_ASSIGNMENT_
Leaving out every picture, copy the lines of the material below exactly, from the line containing "For the way" through the line containing "Mini Tumbler Keychain – Bunny and Rainbow".

[DATA EXTRACT]

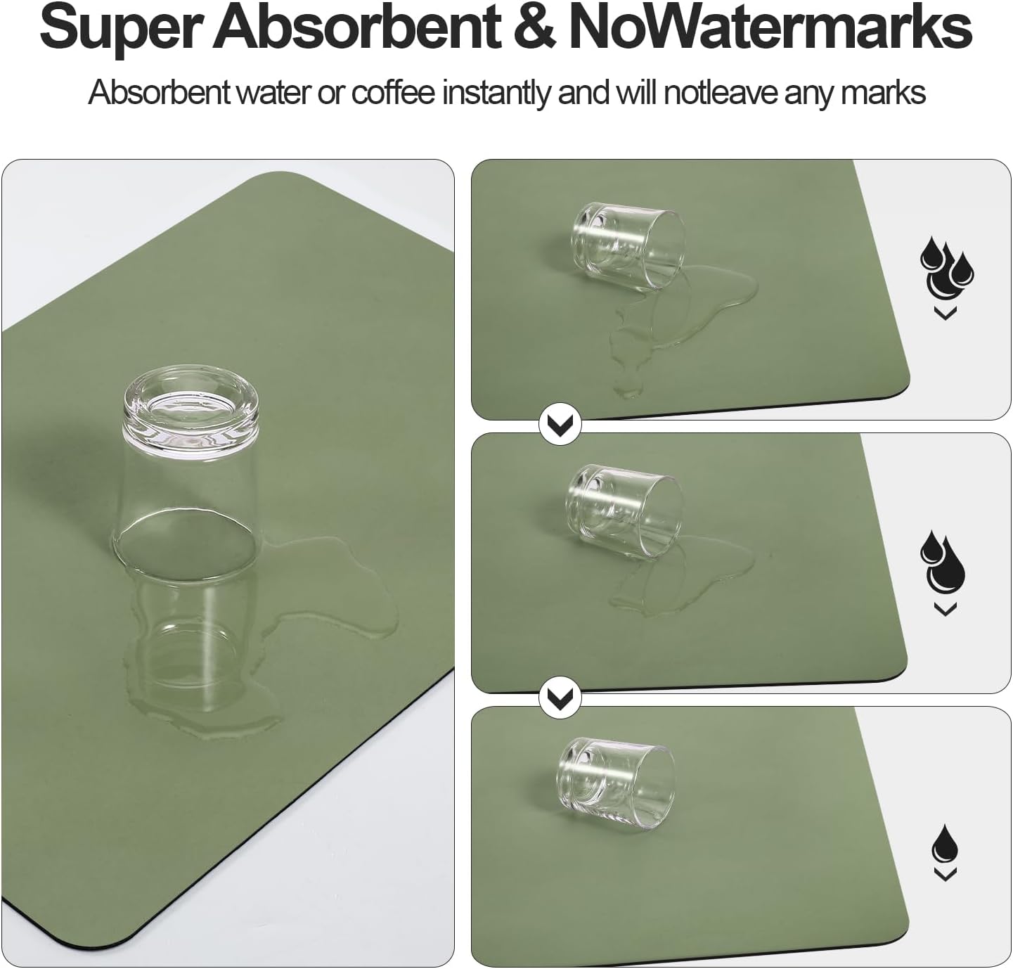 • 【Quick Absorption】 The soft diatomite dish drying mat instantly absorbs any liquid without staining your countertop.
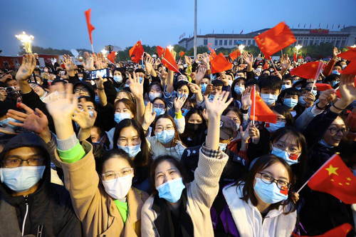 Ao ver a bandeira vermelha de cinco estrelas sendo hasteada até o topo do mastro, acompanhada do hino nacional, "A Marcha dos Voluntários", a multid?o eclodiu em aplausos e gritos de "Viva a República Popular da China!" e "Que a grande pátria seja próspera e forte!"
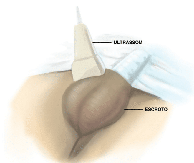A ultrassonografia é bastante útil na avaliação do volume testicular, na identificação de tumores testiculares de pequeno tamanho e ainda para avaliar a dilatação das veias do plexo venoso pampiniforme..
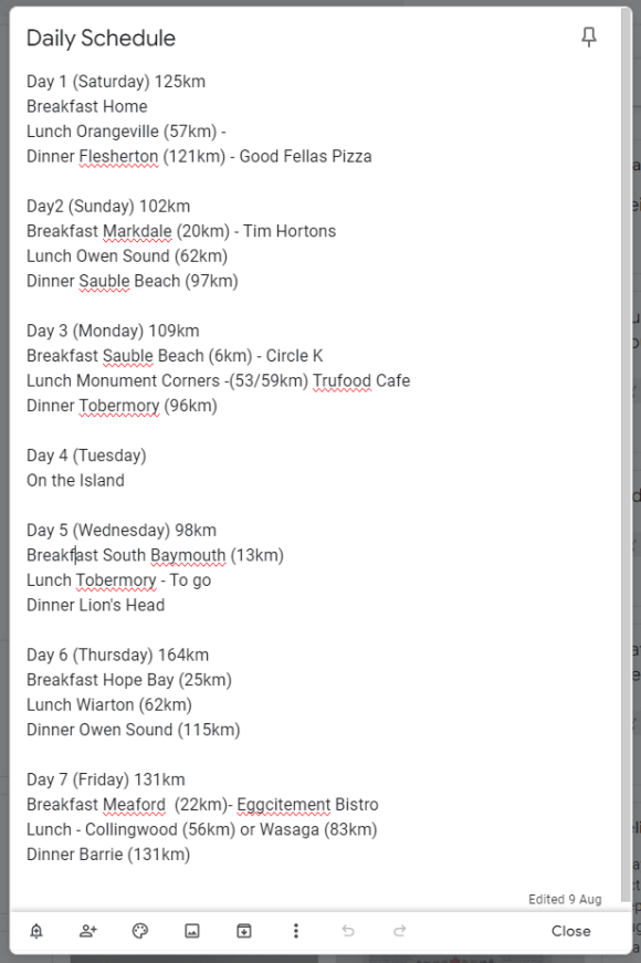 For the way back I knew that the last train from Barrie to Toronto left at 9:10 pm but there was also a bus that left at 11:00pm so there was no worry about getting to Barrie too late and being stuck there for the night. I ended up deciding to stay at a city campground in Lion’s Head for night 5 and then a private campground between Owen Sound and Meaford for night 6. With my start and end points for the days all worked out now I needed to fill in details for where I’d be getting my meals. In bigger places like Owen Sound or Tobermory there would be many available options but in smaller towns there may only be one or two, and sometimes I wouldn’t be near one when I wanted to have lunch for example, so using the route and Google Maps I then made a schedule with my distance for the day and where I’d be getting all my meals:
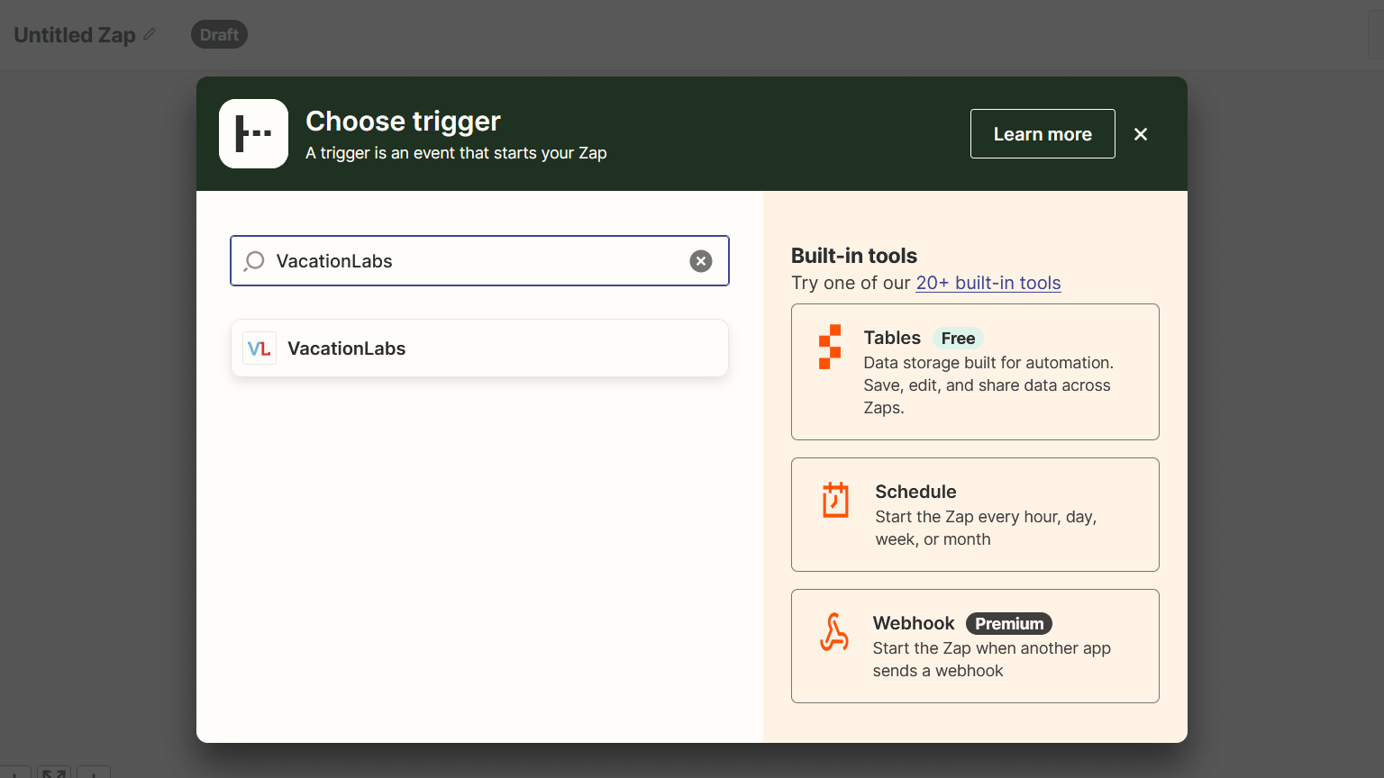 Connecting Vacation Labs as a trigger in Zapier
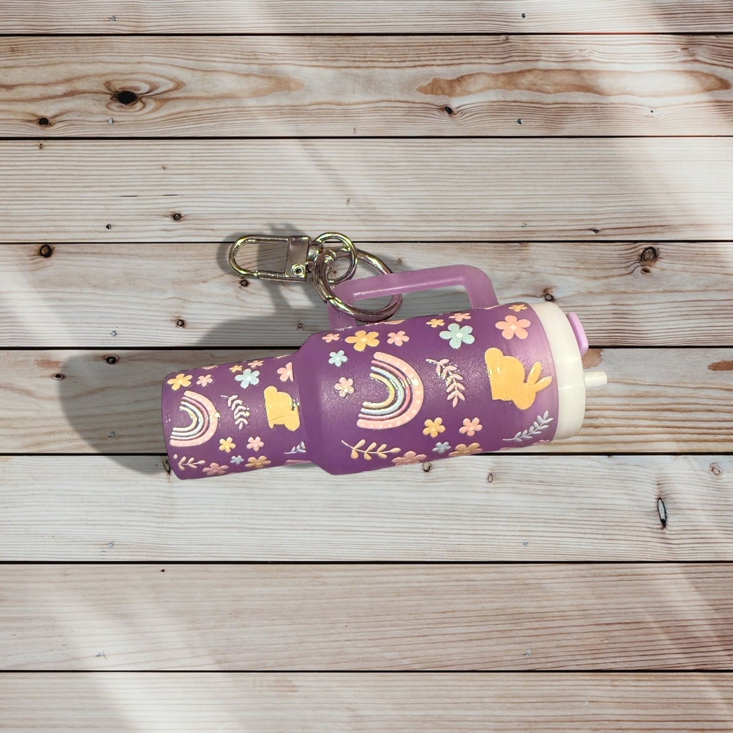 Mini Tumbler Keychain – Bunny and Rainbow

[/DATA EXTRACT]
[DATA EXTRACT]

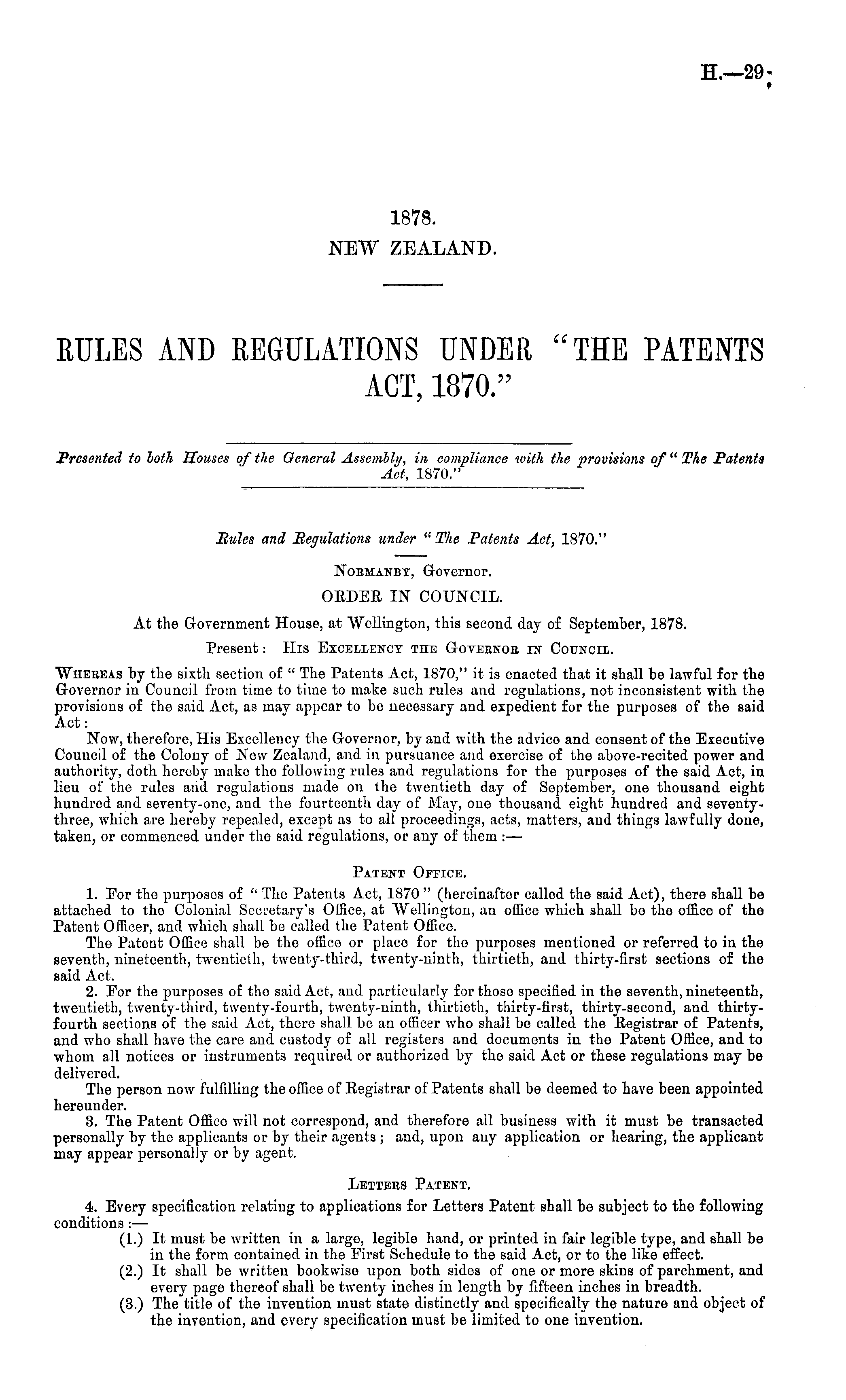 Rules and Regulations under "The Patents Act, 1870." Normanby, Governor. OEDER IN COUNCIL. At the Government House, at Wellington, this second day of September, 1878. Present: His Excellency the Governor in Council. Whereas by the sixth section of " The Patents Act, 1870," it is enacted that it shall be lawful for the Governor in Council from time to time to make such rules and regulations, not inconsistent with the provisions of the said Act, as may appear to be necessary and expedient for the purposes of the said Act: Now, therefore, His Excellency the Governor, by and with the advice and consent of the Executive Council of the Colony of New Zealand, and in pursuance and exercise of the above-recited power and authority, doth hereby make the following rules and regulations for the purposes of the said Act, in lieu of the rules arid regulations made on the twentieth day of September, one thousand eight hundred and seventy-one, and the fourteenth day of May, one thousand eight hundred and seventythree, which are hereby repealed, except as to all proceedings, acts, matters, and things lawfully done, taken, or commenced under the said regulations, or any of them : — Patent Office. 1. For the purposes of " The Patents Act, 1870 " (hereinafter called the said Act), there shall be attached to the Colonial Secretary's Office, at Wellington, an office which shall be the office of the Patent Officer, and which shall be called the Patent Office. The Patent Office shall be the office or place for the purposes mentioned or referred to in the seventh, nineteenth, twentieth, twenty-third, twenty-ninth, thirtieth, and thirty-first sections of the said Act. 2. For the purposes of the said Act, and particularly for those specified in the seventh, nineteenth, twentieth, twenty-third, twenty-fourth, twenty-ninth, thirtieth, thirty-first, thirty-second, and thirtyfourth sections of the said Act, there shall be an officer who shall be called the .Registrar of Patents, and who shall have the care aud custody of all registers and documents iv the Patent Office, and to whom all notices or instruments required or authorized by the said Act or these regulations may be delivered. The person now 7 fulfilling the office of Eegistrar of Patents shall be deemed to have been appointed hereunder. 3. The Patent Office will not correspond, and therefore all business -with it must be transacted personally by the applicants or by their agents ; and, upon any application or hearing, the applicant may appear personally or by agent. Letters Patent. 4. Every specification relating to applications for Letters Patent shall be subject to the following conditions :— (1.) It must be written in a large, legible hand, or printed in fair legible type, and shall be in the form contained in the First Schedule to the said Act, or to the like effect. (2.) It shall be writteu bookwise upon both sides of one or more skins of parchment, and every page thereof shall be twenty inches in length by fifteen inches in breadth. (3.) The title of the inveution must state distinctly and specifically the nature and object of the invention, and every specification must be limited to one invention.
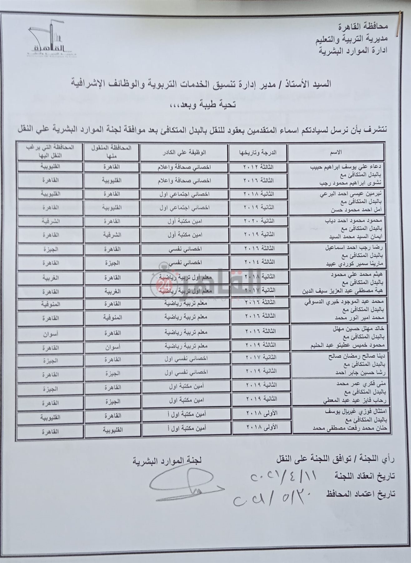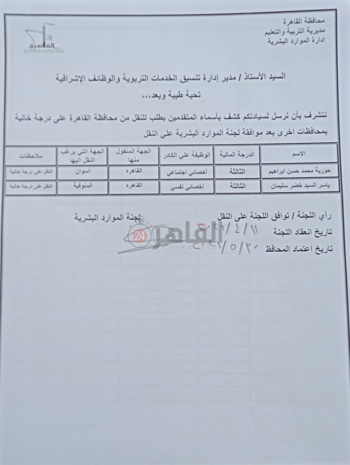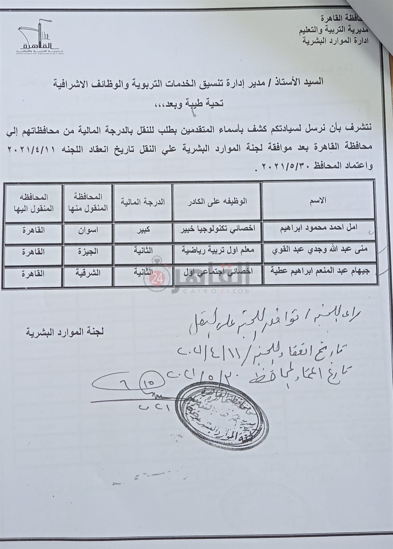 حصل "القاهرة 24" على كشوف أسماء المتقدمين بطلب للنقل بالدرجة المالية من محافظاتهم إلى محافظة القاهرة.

[/DATA EXTRACT]

_ANSWER BELOW_
 For the way back I knew that the last train from Barrie to Toronto left at 9:10 pm but there was also a bus that left at 11:00pm so there was no worry about getting to Barrie too late and being stuck there for the night. I ended up deciding to stay at a city campground in Lion’s Head for night 5 and then a private campground between Owen Sound and Meaford for night 6. With my start and end points for the days all worked out now I needed to fill in details for where I’d be getting my meals. In bigger places like Owen Sound or Tobermory there would be many available options but in smaller towns there may only be one or two, and sometimes I wouldn’t be near one when I wanted to have lunch for example, so using the route and Google Maps I then made a schedule with my distance for the day and where I’d be getting all my meals:
 Connecting Vacation Labs as a trigger in Zapier
 Mini Tumbler Keychain – Bunny and Rainbow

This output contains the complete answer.